DESCRIPTION OF THE TASK | Within the entries below, output exactly the lines between the line containing "Das Zimmer hat" and the line containing "Introducing the Cobra", inclusive, and omit any picture.

ENTRIES SHOWN |
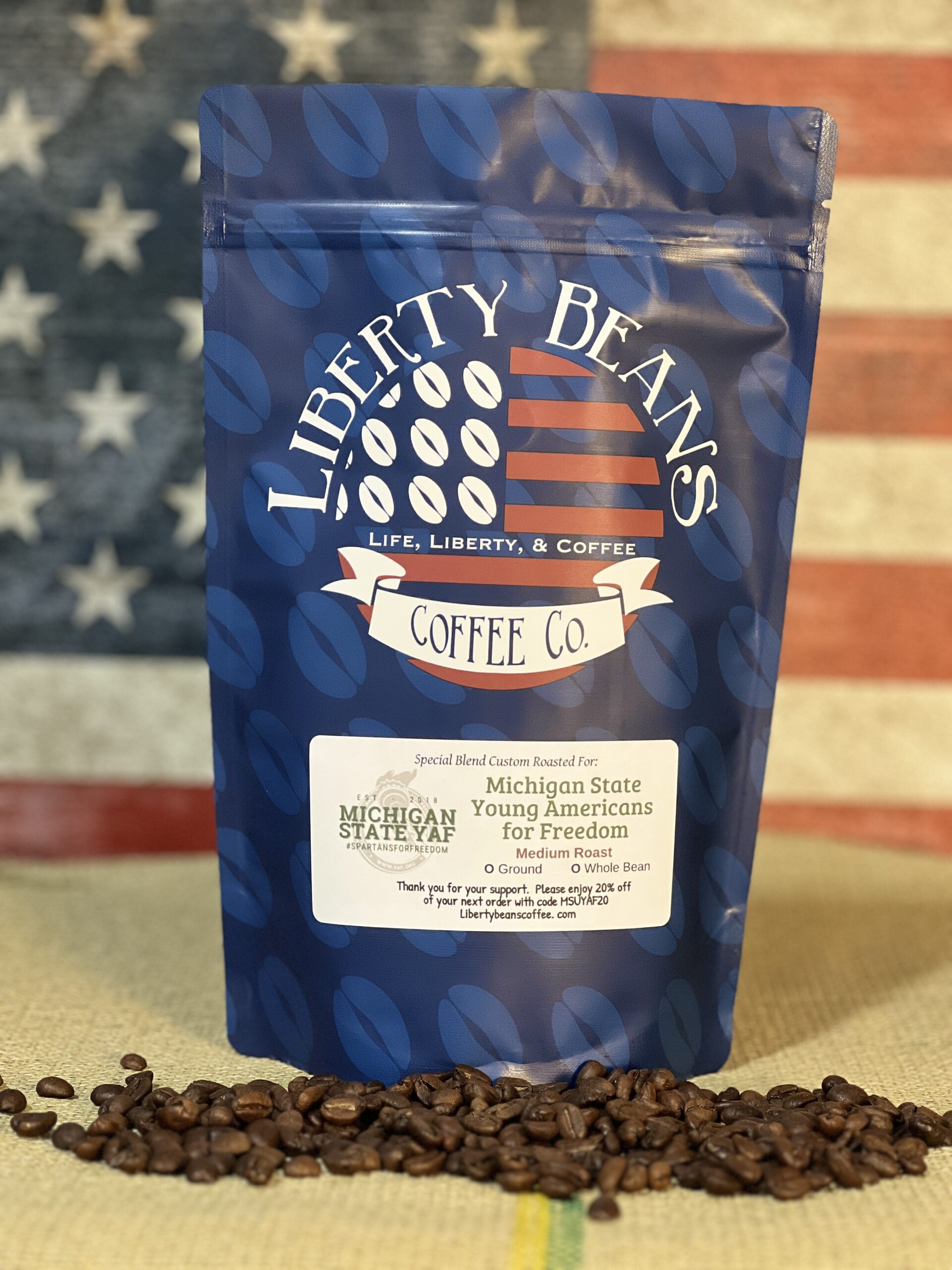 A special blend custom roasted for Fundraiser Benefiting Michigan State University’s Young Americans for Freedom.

...

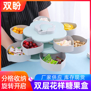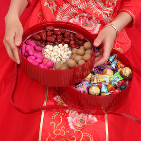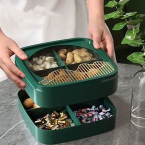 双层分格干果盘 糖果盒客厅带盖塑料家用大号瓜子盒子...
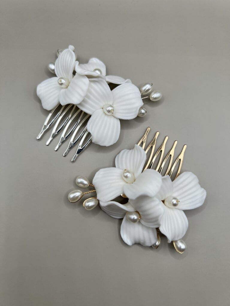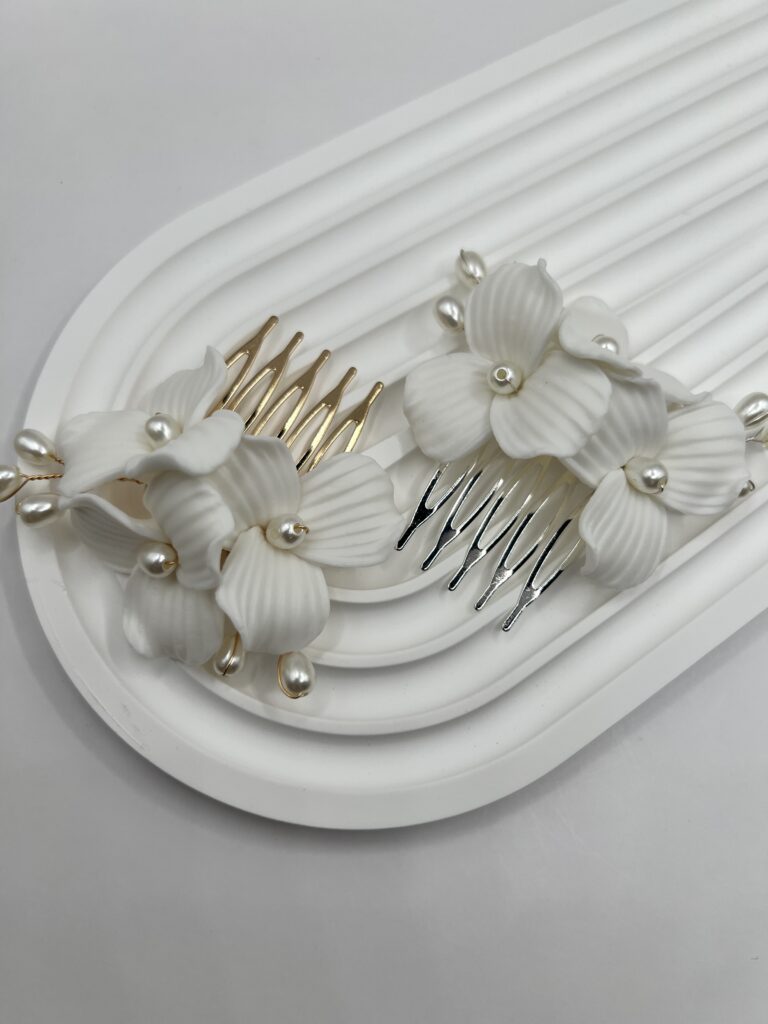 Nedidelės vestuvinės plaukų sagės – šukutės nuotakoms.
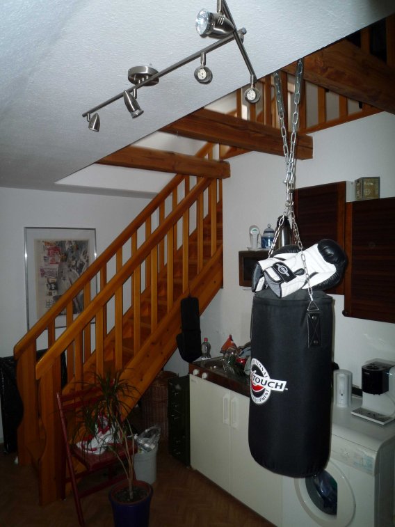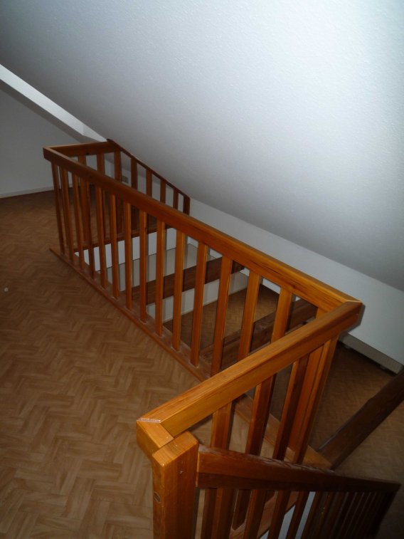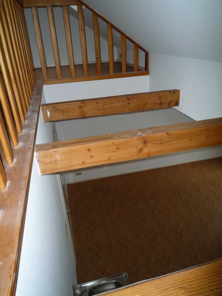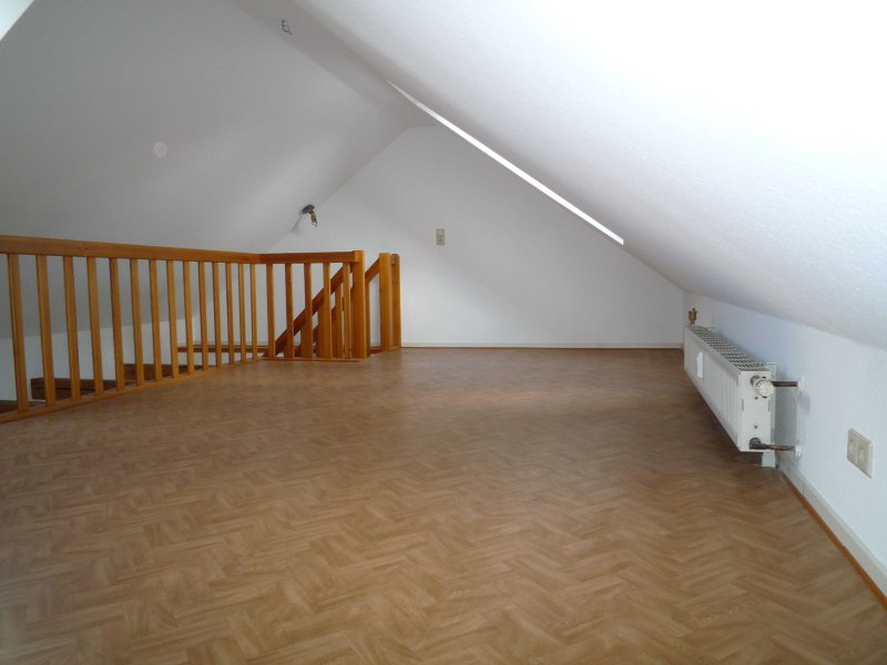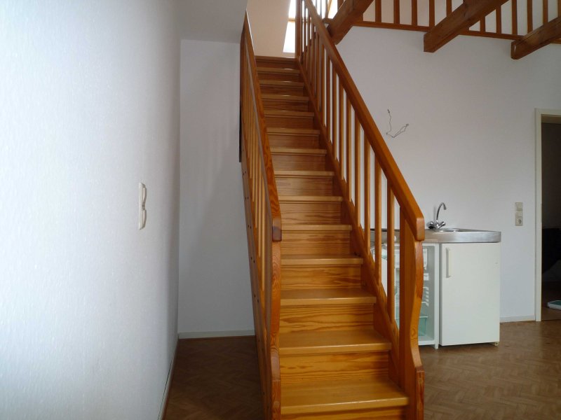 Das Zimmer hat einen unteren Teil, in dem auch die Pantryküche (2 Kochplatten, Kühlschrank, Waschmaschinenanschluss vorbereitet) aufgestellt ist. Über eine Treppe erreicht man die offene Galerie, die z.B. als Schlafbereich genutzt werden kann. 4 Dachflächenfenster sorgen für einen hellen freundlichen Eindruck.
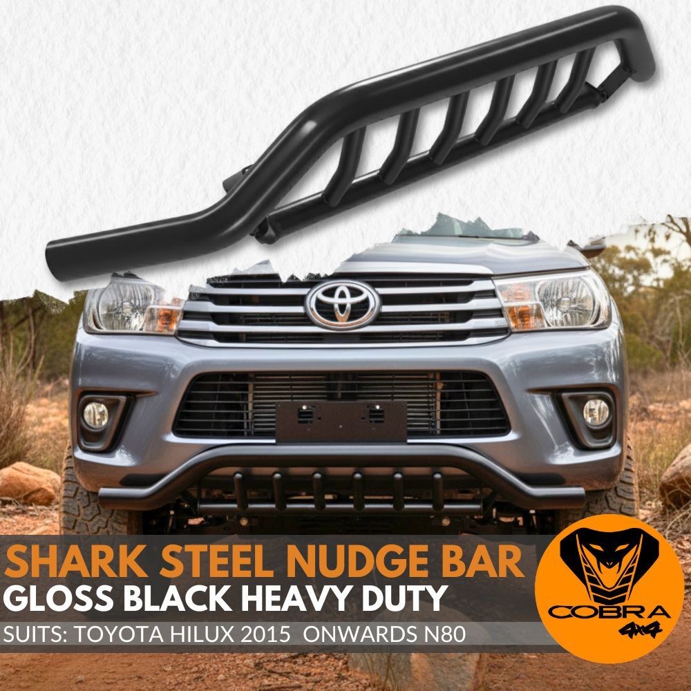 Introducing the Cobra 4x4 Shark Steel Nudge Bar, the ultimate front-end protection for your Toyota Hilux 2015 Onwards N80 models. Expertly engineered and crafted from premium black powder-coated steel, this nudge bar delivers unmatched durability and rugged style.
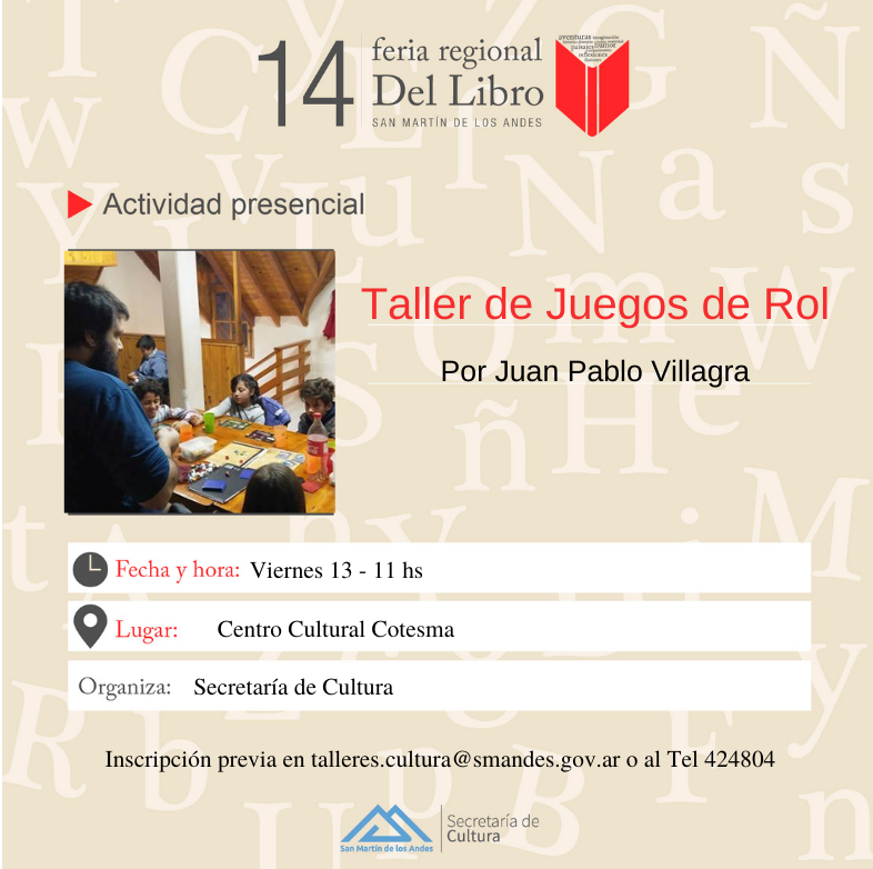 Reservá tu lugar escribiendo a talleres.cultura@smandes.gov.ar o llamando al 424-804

PROBLEM SOLUTION |
 Das Zimmer hat einen unteren Teil, in dem auch die Pantryküche (2 Kochplatten, Kühlschrank, Waschmaschinenanschluss vorbereitet) aufgestellt ist. Über eine Treppe erreicht man die offene Galerie, die z.B. als Schlafbereich genutzt werden kann. 4 Dachflächenfenster sorgen für einen hellen freundlichen Eindruck.
 Introducing the Cobra 4x4 Shark Steel Nudge Bar, the ultimate front-end protection for your Toyota Hilux 2015 Onwards N80 models. Expertly engineered and crafted from premium black powder-coated steel, this nudge bar delivers unmatched durability and rugged style.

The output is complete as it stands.